Moving to Greener Pastures? Multinationals and the Pollution-Haven Hypothesis
41 Pages Posted: 20 Apr 2016
Date Written: January 1997
Abstract
Eskeland and Harrison find almost no evidence that investors in developing countries are fleeing environmental costs at home. Instead, the evidence suggests that foreign-owned plants in four developing countries are less polluting than comparable domestic plants.
Are multinationals flocking to pollution havens in developing countries? Using data from four developing countries (Côte d`Ivoire, Mexico, Morocco, and Venezuela), Eskeland and Harrison examine the pattern of foreign investment. They find almost no evidence that foreign investors are concentrated in dirty sectors.

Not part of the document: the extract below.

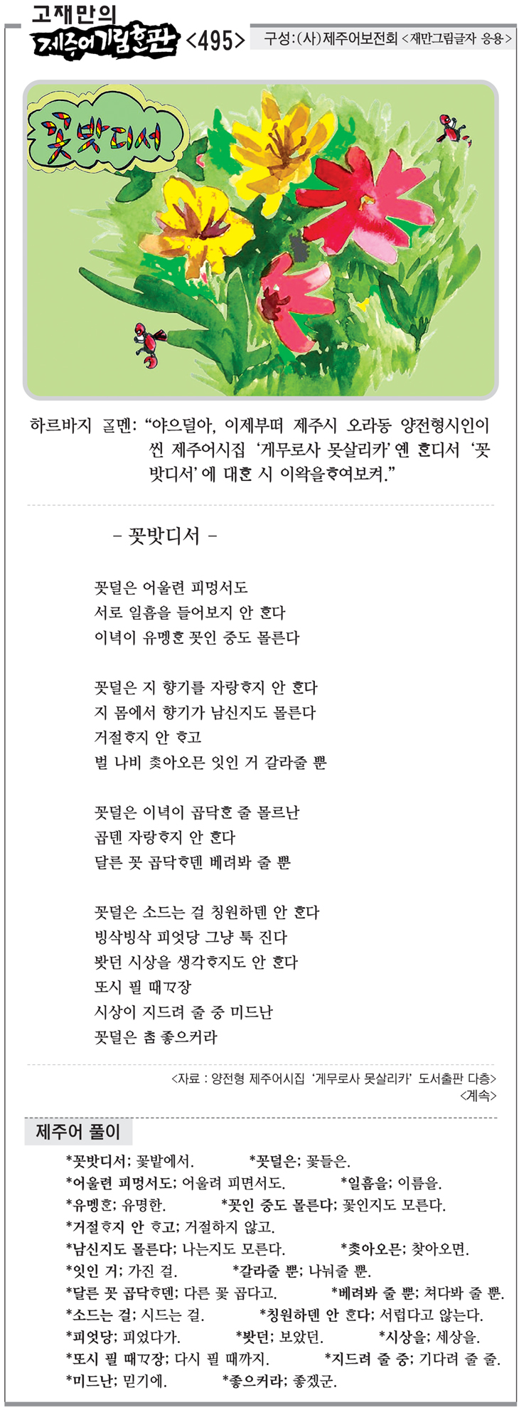 [고재만의 제주어기림혼판] 제주어 풀이(495)
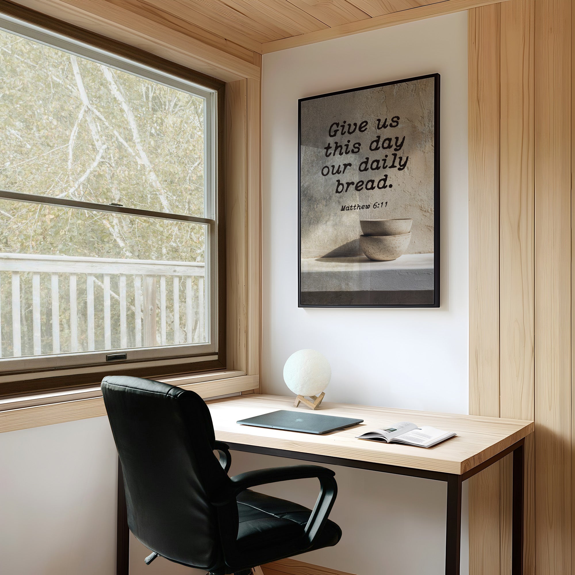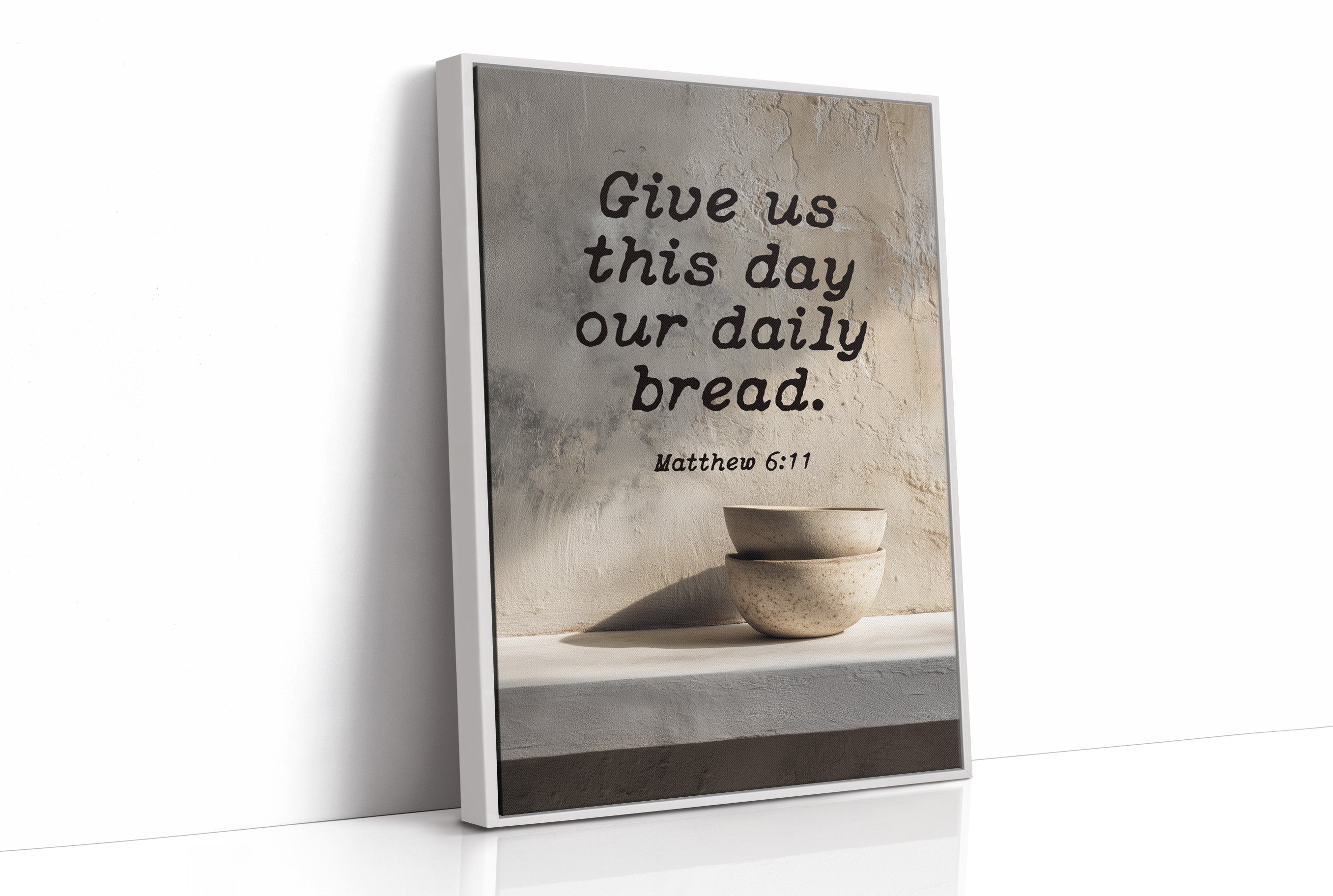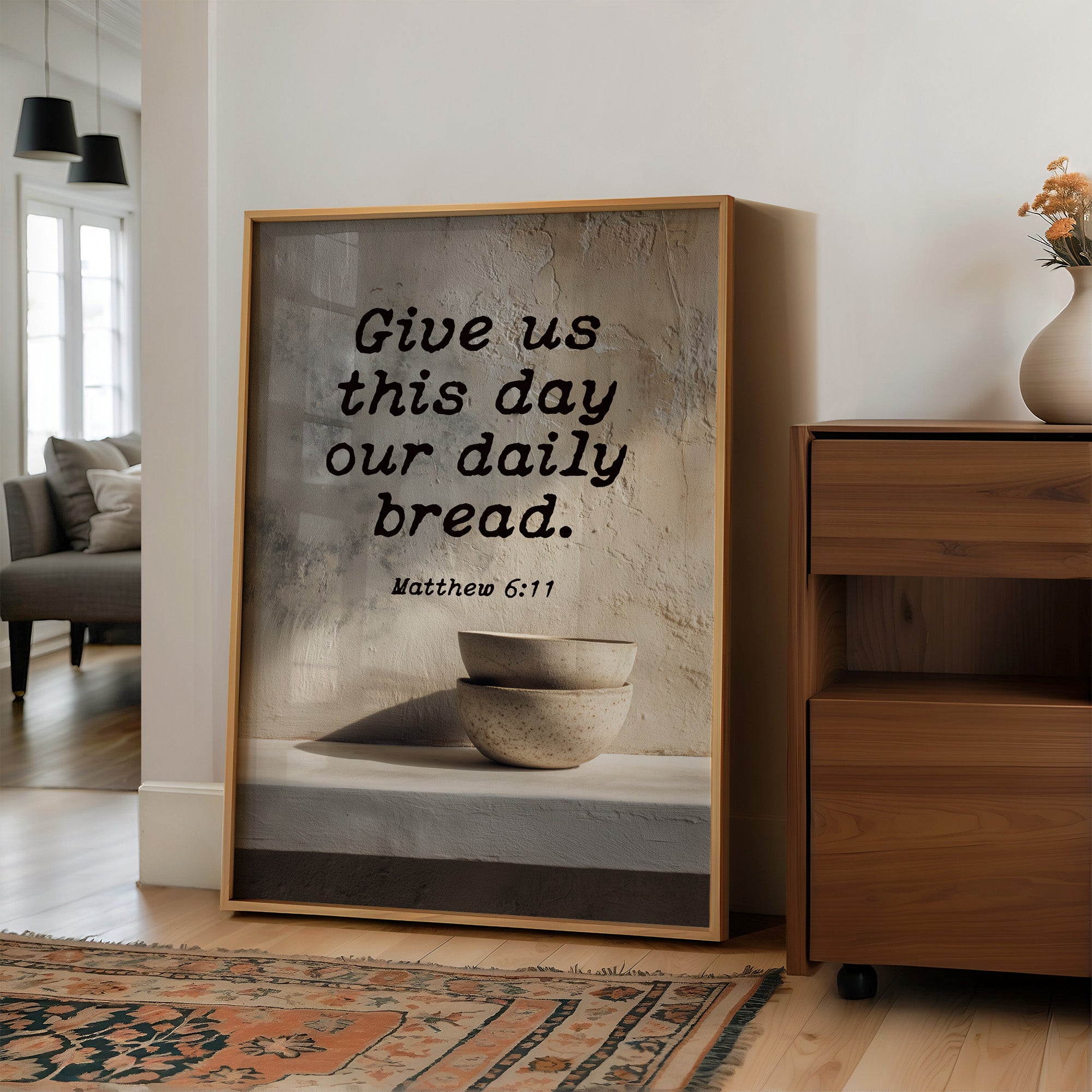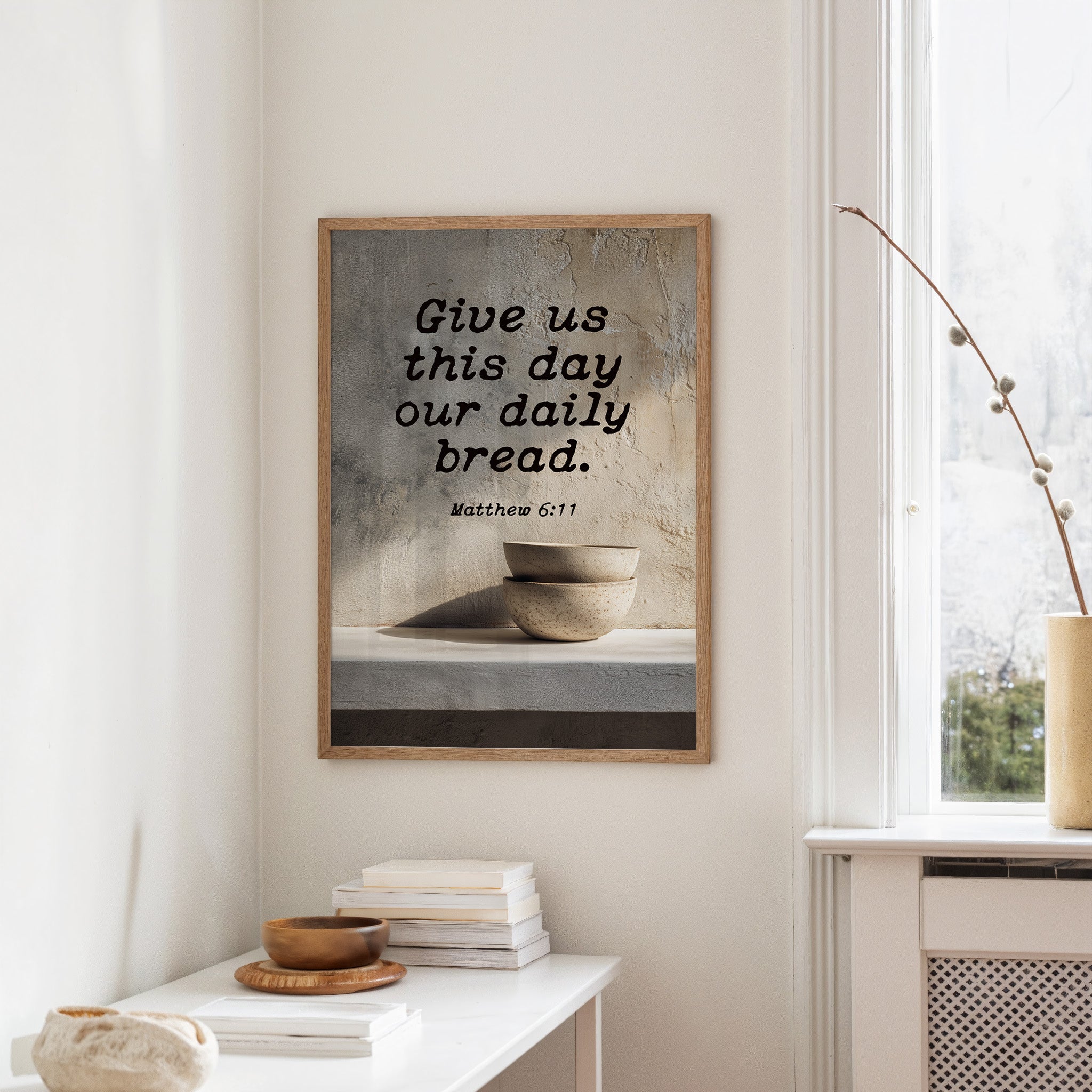 Warm sunlight bathes this moment of quiet devotion, where scripture meets the simplicity of daily ritual. A textured plaque bearing Matthew 6:11 rests on natural wooden slats, accompanied by minimalist ceramic bowls that speak of humility and sustenance. The scene captures that sacred pause in our hurried livesa gentle reminder of gratitude amidst the warm tones of a thoughtfully arranged breakfast nook.

They also examine the behavior of multinationals doing business in these four countries, testing whether there is any tendency for foreign firms to pollute more or less than their host-country counterparts. To do this, they use consumption of energy and dirty fuels as a proxy for pollution intensity. They find that foreign plants in these four developing countries are significantly more energy-efficient and use cleaner types of energy than their domestic counterparts.
Eskeland and Harrison conclude with an analysis of U.S. outbound investment between 1982 and 1994. They reject the hypothesis that the pattern of U.S. foreign investment is skewed toward industries in which the cost of pollution abatement is high.
This paper - a product of the Public Economics Division, Policy Research Department - is part of a larger effort in the department to analyze environmental policy problems. The study was funded by the Bank's Research Support Budget under the research project Pollution and the Choice of Economic Policy Instruments in Developing Countries (RPO 676-78).